START Recorded information

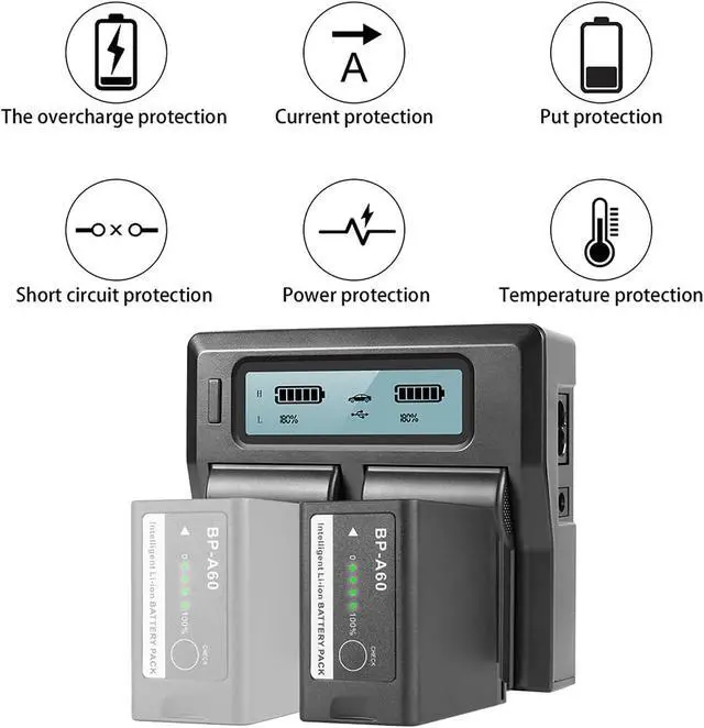 FULL ONE Convenient Charging Method: Common micro-external battery gives you more options than a standard battery charger, and Charges 1, or 2 BP-A60 batteries simultaneously and smart LED light turns to red when charging and green when complete. (Adapters and Power bank sold Separately - WARRANTY - Batteries include a one-year warranty
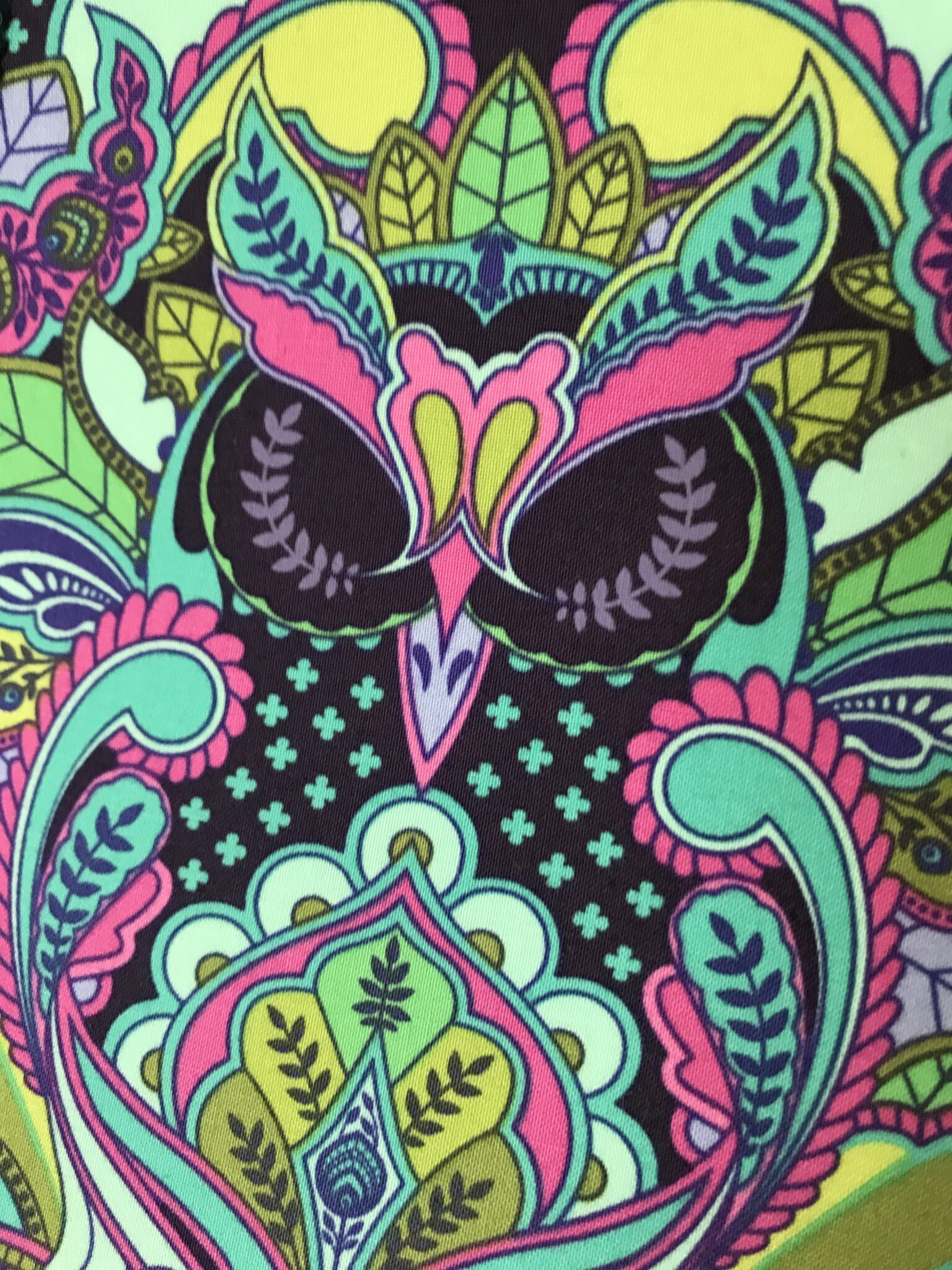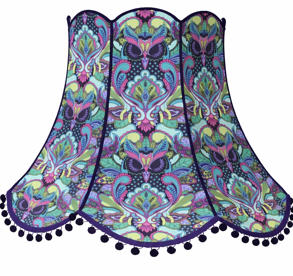 Make a bold statement with this striking, handcrafted lampshade, featuring an intricate design that combines stylised owls with flowing paisley motifs. A rich mix of teal, turquoise, lime green, and vivid pink is set against a deep navy background, creating a dramatic and eye-catching look.
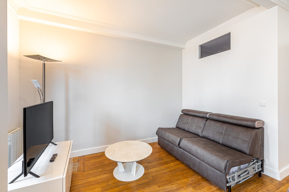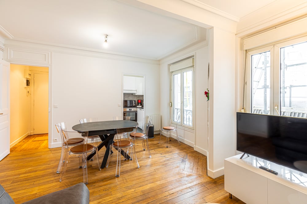 Welcome! Modern and tastefully decorated, this lovely apartment is close to various top attractions in Paris, such as the Père Lachaise Cemetery and many good restaurants scattered around the area. This apartment is designed with an open living room with a convertible sofa bed, a flat-screen TV and a six-person dining table where you can have a family dinner. The adjoining kitchen is fully equipped with essential cookware and cutleries that you will need to cook a delicious meal, such as an electric stove, an oven and a coffee maker. The bedroom contains a comfy double bed with hotel-quality linens and multiple storage spaces for your belongings. The bathroom has all the necessary amenities you will need, including clean towels and complimentary toiletries for your convenience. The apartment is always professionally cleaned and sanitized for your health and safety. Enjoy your stay!

END Recorded information

Transcribe the listing in full. Leave the pictures out.

 FULL ONE Convenient Charging Method: Common micro-external battery gives you more options than a standard battery charger, and Charges 1, or 2 BP-A60 batteries simultaneously and smart LED light turns to red when charging and green when complete. (Adapters and Power bank sold Separately - WARRANTY - Batteries include a one-year warranty
 Make a bold statement with this striking, handcrafted lampshade, featuring an intricate design that combines stylised owls with flowing paisley motifs. A rich mix of teal, turquoise, lime green, and vivid pink is set against a deep navy background, creating a dramatic and eye-catching look.
 Welcome! Modern and tastefully decorated, this lovely apartment is close to various top attractions in Paris, such as the Père Lachaise Cemetery and many good restaurants scattered around the area. This apartment is designed with an open living room with a convertible sofa bed, a flat-screen TV and a six-person dining table where you can have a family dinner. The adjoining kitchen is fully equipped with essential cookware and cutleries that you will need to cook a delicious meal, such as an electric stove, an oven and a coffee maker. The bedroom contains a comfy double bed with hotel-quality linens and multiple storage spaces for your belongings. The bathroom has all the necessary amenities you will need, including clean towels and complimentary toiletries for your convenience. The apartment is always professionally cleaned and sanitized for your health and safety. Enjoy your stay!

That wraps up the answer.